Good example to use to develop these skills:

I aim to make it look and feel close to the standard library's implementation in terms of memory usage, speed and readability.

That will be harder. You have the same characteristics as std::list while the standard version std::queue uses a std::deque as the underlying container that has very different characteristcs.

See this question for the differences: What are the complexity guarantees of the standard containers?

The standard library performance was twice as better as mine. What may be reasons?

Though they will look very similar. The technique of creating a new node dynamically for every push (std::list) is relatively expensive. This cost is amortized by allocating space for a bunch of objects (std::dequeue) in one go and then using them up as you need them.

The other benefit is locality of reference. In a (std::deque) objects are close to each other and thus likely to more efficiently accessed because of hardware caching that will make sure objects close to each other become available quicker.

I initially didn't want to write the implementation of Queue in its header files, but it resulted to all sort of errors. Can Implementation be seprated from its interface whilst using templates?
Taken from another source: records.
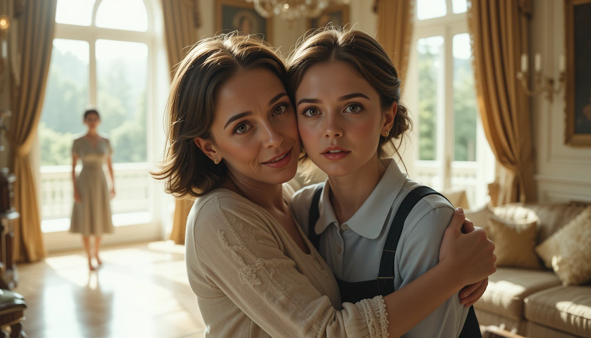 Развязка наступила через неделю. Этот день я не забуду никогда. С самого утра Тамара Ивановна была как на иголках. Она заставила меня перемыть весь дом заново, хотя он и так сверкал чистотой. «Сегодня приезжает хозяйка, – объявила она, и в ее голосе звучали металлические нотки. – Ненадолго, всего на пару дней, решить какие-то дела. Ты должна быть паинькой. Улыбайся, кивай, и ни слова лишнего, ты поняла меня?» Я молча кивнула. Внутри у меня все похолодело от страха и предвкушения. Я должна была увидеть ее. Мою маму. Я надела самое приличное из своих платьев – старенькое, но чистое. Спрятала в карман ту самую первую фотографию, которую нашла. Это был мой единственный козырь, мое доказательство. Около полудня к дому подъехал черный блестящий автомобиль. Дверца открылась, и из нее вышла она. Женщина с портрета. В жизни она была еще красивее, но такой уставшей. Глубокие тени залегли под ее глазами, а в уголках губ застыла горечь. Она была одета в элегантный светлый костюм, но держалась так, будто он был ей велик. Тамара Ивановна бросилась к ней навстречу, расплываясь в самой угодливой улыбке, на какую была способна. «Леночка Владимировна, голубушка! Как долетели? Как вы прекрасно выглядите!» – защебетала она. Женщина устало улыбнулась в ответ: «Здравствуй, Тамара. Спасибо, все нормально». Она медленно обвела взглядом свой дом, и ее лицо стало еще печальнее. «Ну, вот, познакомьтесь, – свекровь подтолкнула меня вперед. – Это Анечка, моя сноха. Помогает мне тут немного, пока вас нет». Женщина перевела взгляд на меня. Наши глаза встретились. Время остановилось. Я видела, как ее вежливая маска начала трескаться. Она смотрела на меня – на мои глаза, на волосы, а потом ее взгляд остановился на моем лбу, на том месте, где под челкой прятался тонкий белый шрам. Ее лицо изменилось. Губы дрогнули. Она сделала шаг ко мне, потом еще один. Она протянула руку и дрожащими пальцами коснулась моего шрама. «Этот шрам… – прошептала она, и ее голос сорвался. – Нет… не может быть…» Тамара Ивановна попыталась вмешаться: «Леночка, вы устали с дороги, пойдемте в дом, я заварила ваш любимый чай…» Но женщина ее не слышала. Она смотрела мне в лицо, и в ее огромных глазах медленно разгоралось узнавание, смешанное с ужасом и надеждой. «Как… как тебя зовут?» – спросила она шепотом. «Аня», – выдавила я из себя, а сердце в груди билось так, что дышать было невозможно. И тогда я достала из кармана фотографию и протянула ей. Она взяла ее. Посмотрела на снимок, потом снова на меня. И ее лицо исказилось от боли. Она зарыдала. Некрасиво, навзрыд, сотрясаясь всем телом, как плачут люди, потерявшие все. Она упала на колени передо мной, обхватила мои ноги и, задыхаясь от слез, проговорила фразу, которая перевернула мой мир: «Доченька… Леночка моя… Я искала тебя тридцать лет…»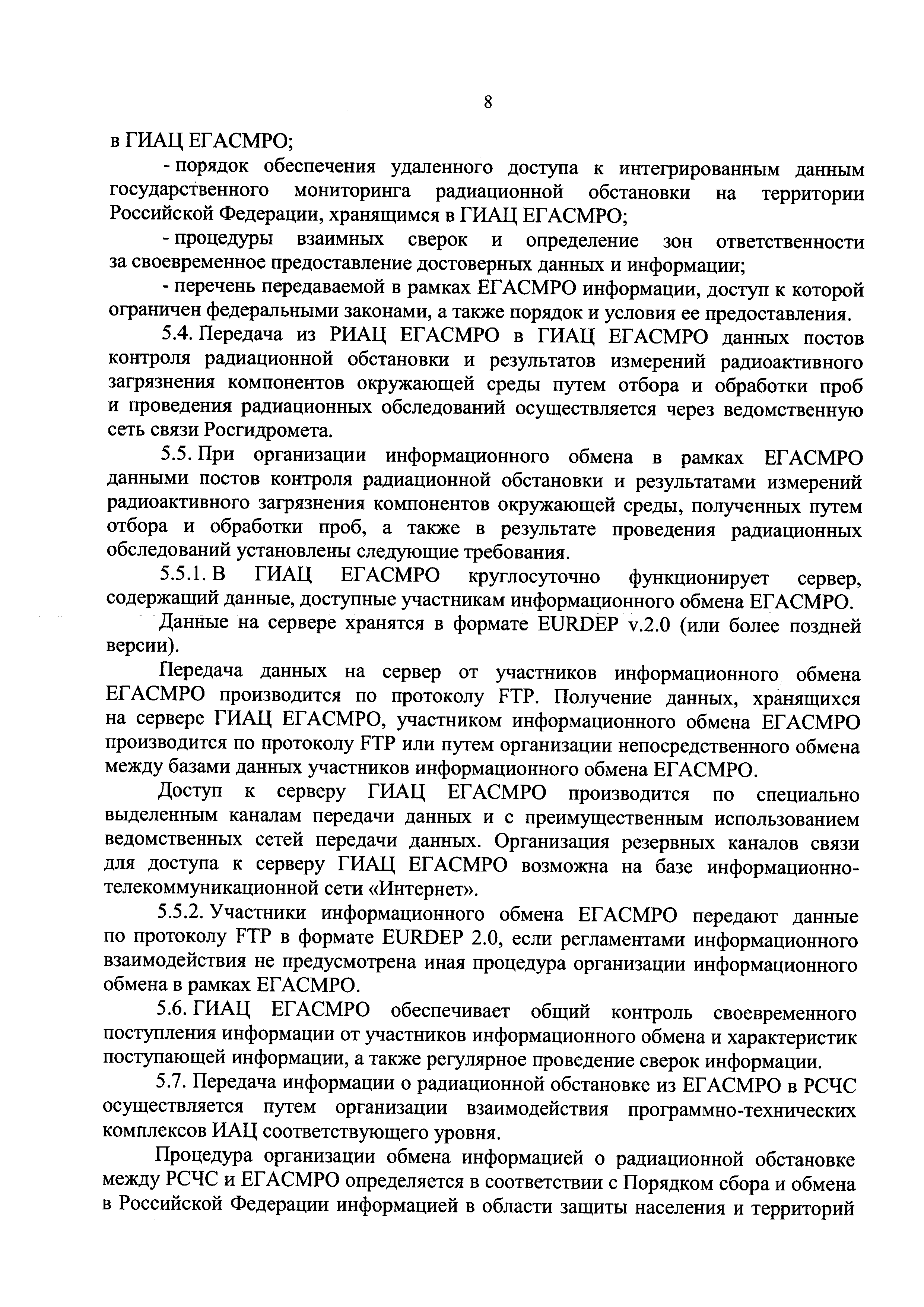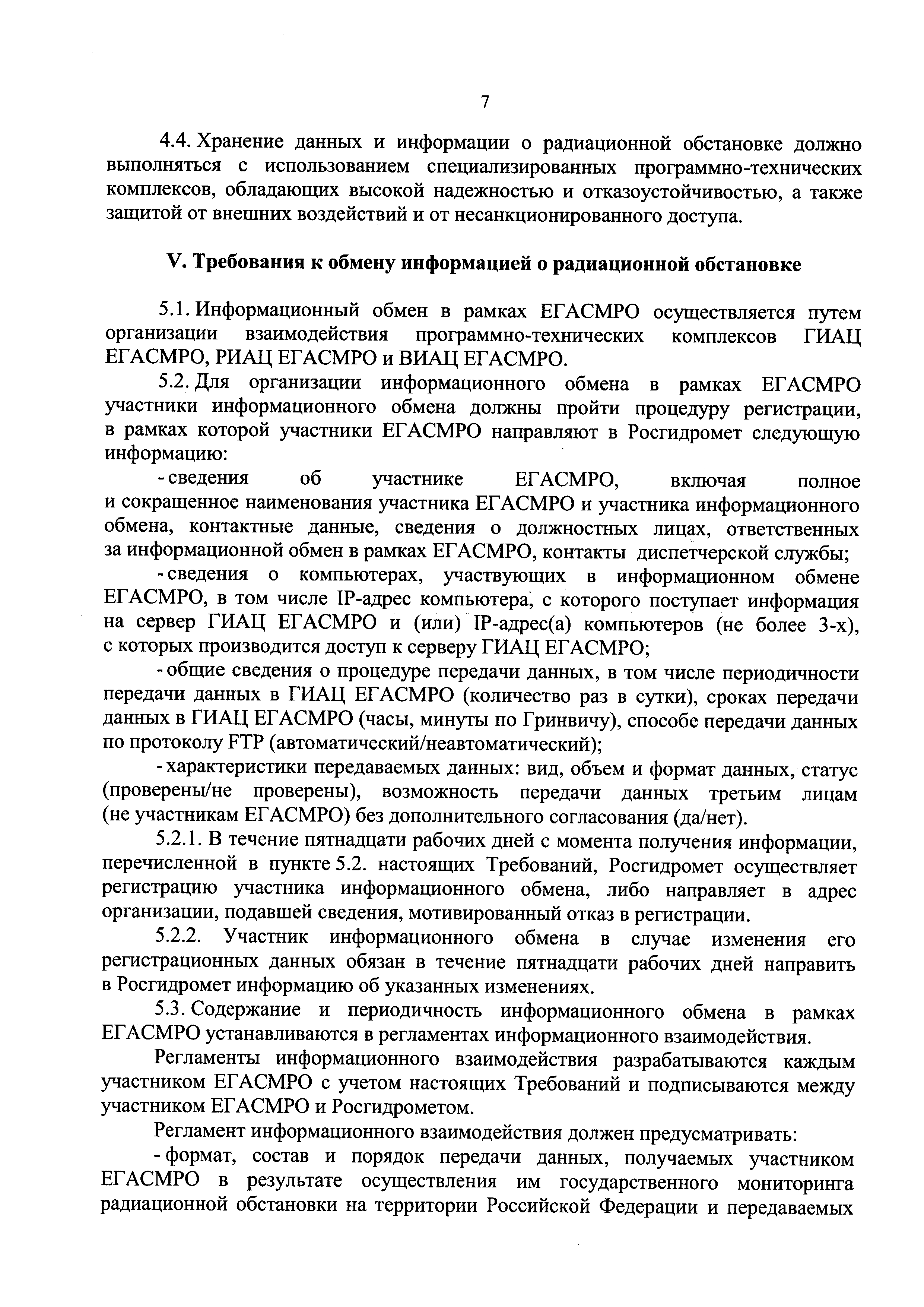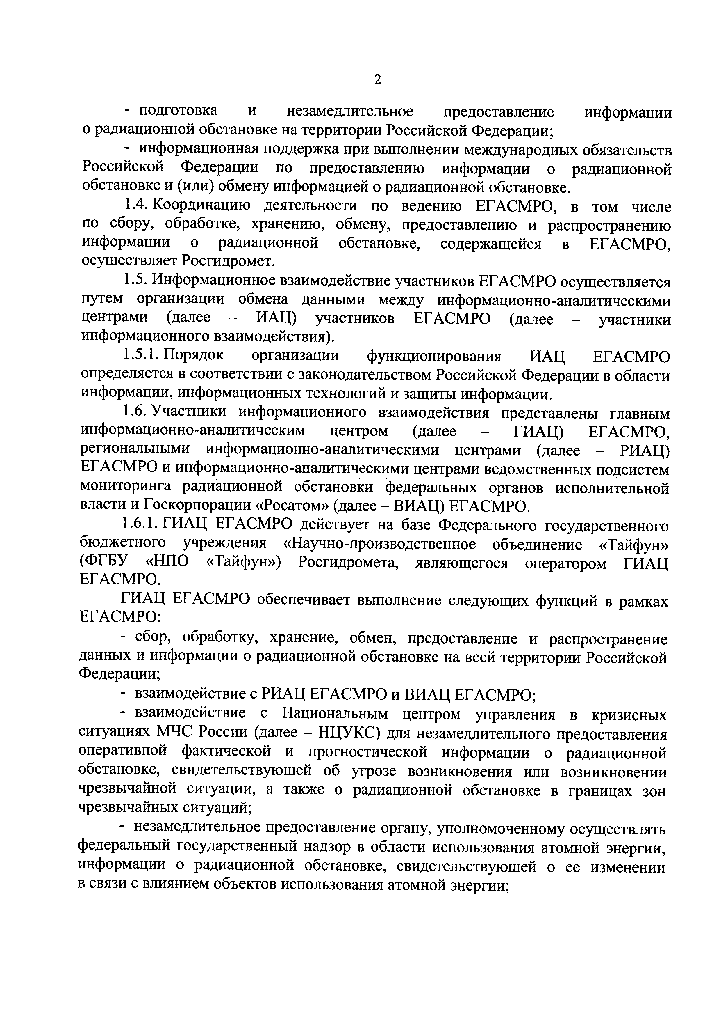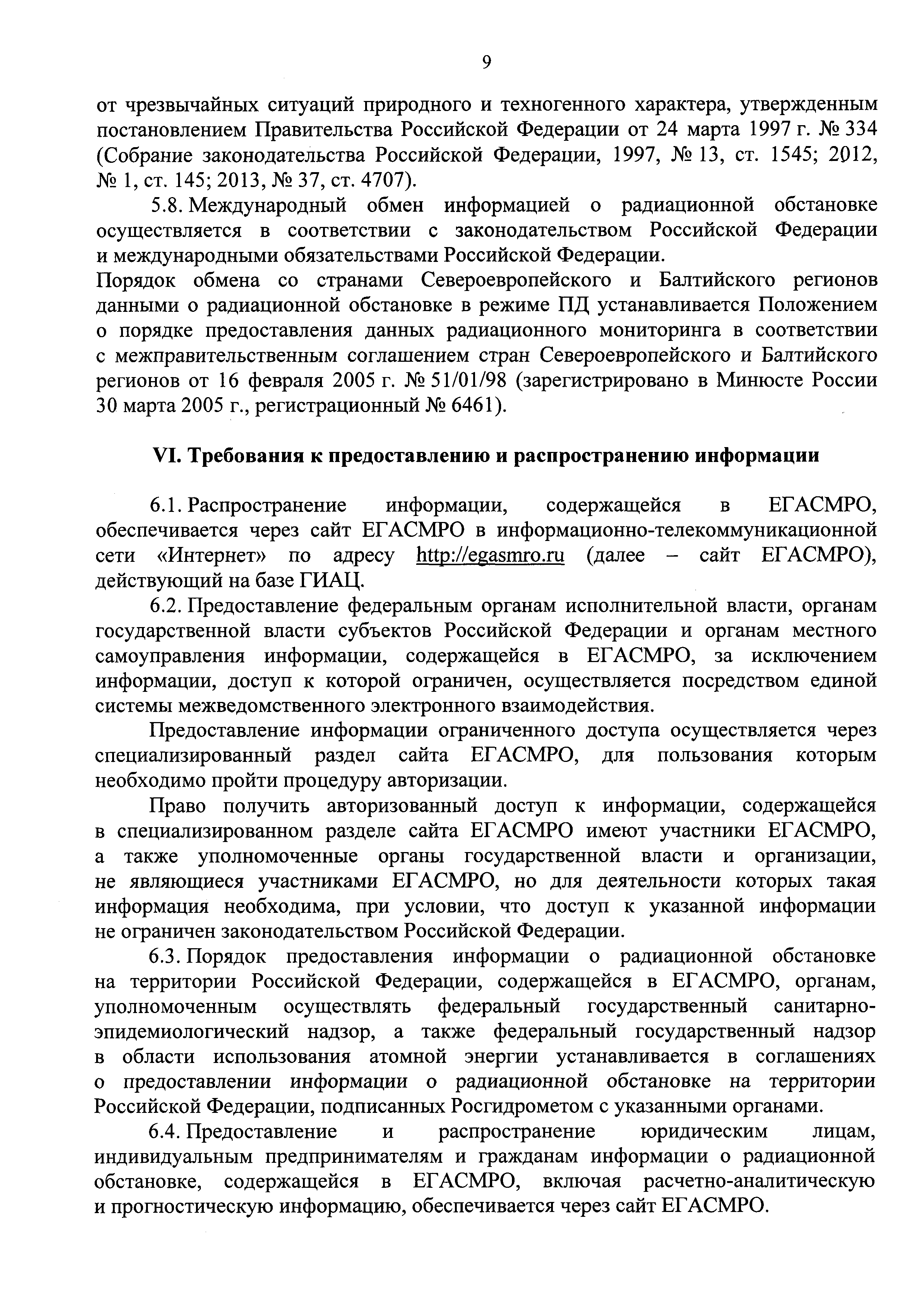 Требования к сбору, обработке, хранению, предоставлению, распространению информации о радиационной обстановке, содержащейся в единой государственной автоматизированной системе мониторинга радиационной обстановки на территории Российской Федерации и ее функциональных подсистемах, а также к обмену информацией о радиационной обстановке| Статус: | действует | | Название рус.: | Требования к сбору, обработке, хранению, предоставлению, распространению информации о радиационной обстановке, содержащейся в единой государственной автоматизированной системе мониторинга радиационной обстановки на территории Российской Федерации и ее функциональных подсистемах, а также к обмену информацией о радиационной обстановке | | Дата добавления в базу: | 05.05.2017 | | Дата актуализации: | 01.01.2021 | | Дата введения: | 20.01.2017 | | Область применения: | Документ устанавливает требования к сбору, обработке, хранению, предоставлению, распространению информации о радиационной обстановке, содержащейся в единой государственной автоматизированной системе мониторинга радиационной обстановки на территории Российской Федерации и ее функциональных подсистемах, а также к обмену такой информацией | | Оглавление: | I. Общие положения II. Требования к сбору информации III. Требования к обработке данных IV. Требования к хранению информации о радиационной обстановке V. Требования к обмену информацией о радиационной обстановке VI. Требования к предоставлению и распространению информации | | Утверждён: | 06.12.2016 Министерство природных ресурсов и экологии Российской Федерации (638)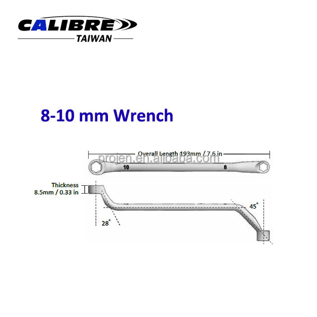 TAIWAN CALIBRE 3pc 6pt Offset Double Box End Brake Bleeder Wrench Set CR-V Material Nickel Plated HRC 42-45 Heat Treated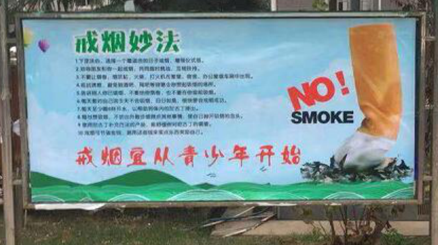 其次,后勤以“丢掉香烟,远离烟草”为核心内容,以“香烟是魔鬼的契约”为口号,呼吁广大师生员工尽量不抽烟,倡导以运动为主的健康生活方式,并在综合楼、外语楼、学生二食堂级6-9东主干道两侧积极开展禁烟控烟宣传工作。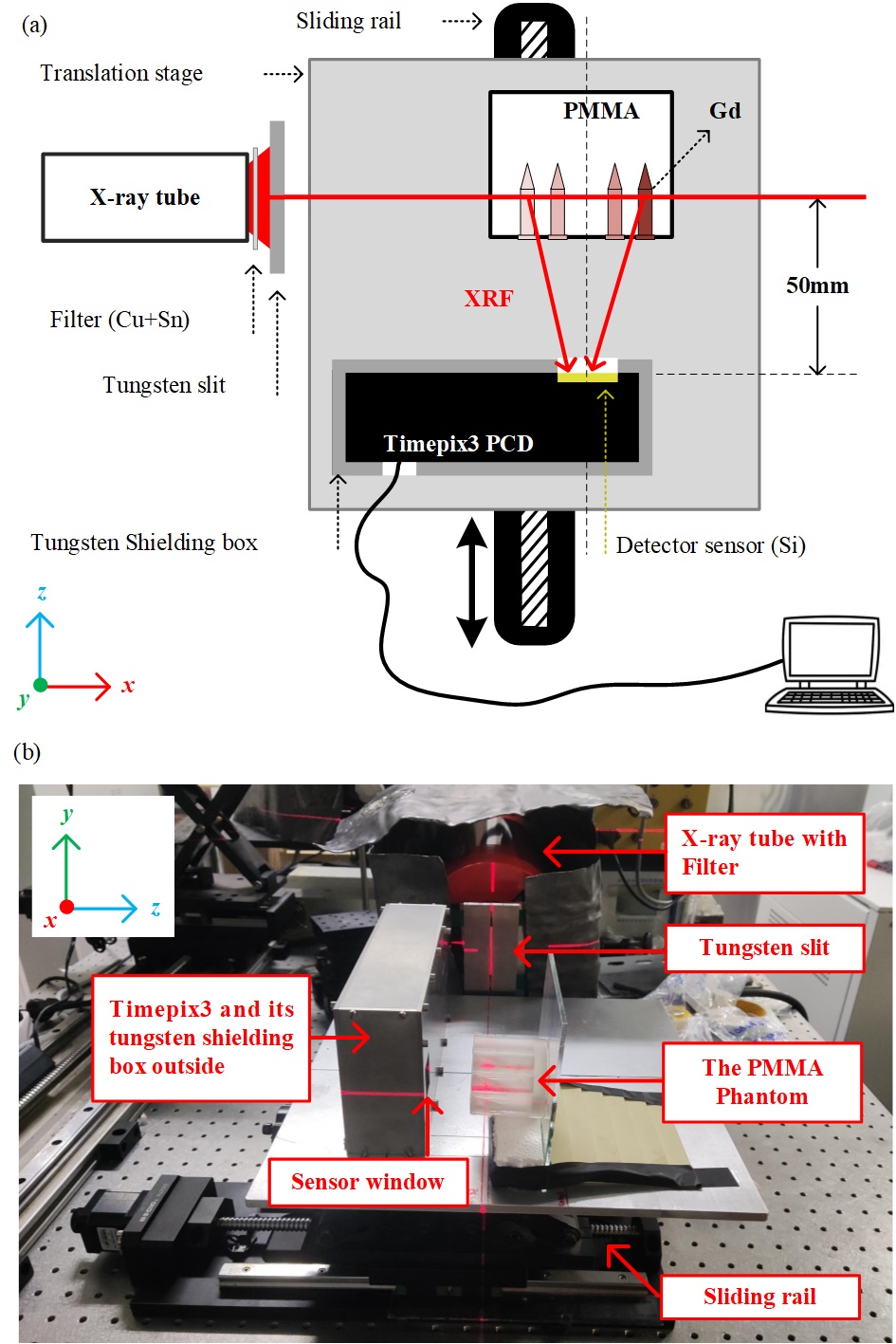 图1.建设的X射线荧光康普顿成像实验平台

It can. But for such a simple class I would not bother.

// LinkeddList.h
#ifndef INCLUDE_GUARD
#define INCLUDE_GUARD
namespace Stuff
{
 class LinkedList
 {
 // STUFF
 public:
 void push(int);
 };
}
#include "LinkedList.tpp"
#endif
// LinkedList.tpp
#ifndef INCLUDE_GUARD
#error "You should include LinkedList.h" not this file.
#endif
inline void Stuff::LinkedList::push(int x)
{
 // STUFF
}
....

Overview

You have missed the rule of three.
i.e. CopyConstruction and Copy Assignment does not work.

You have not considered move semantics. Big objects are copied into your queue. You could make this a lot more efficient by moving objects into your queue.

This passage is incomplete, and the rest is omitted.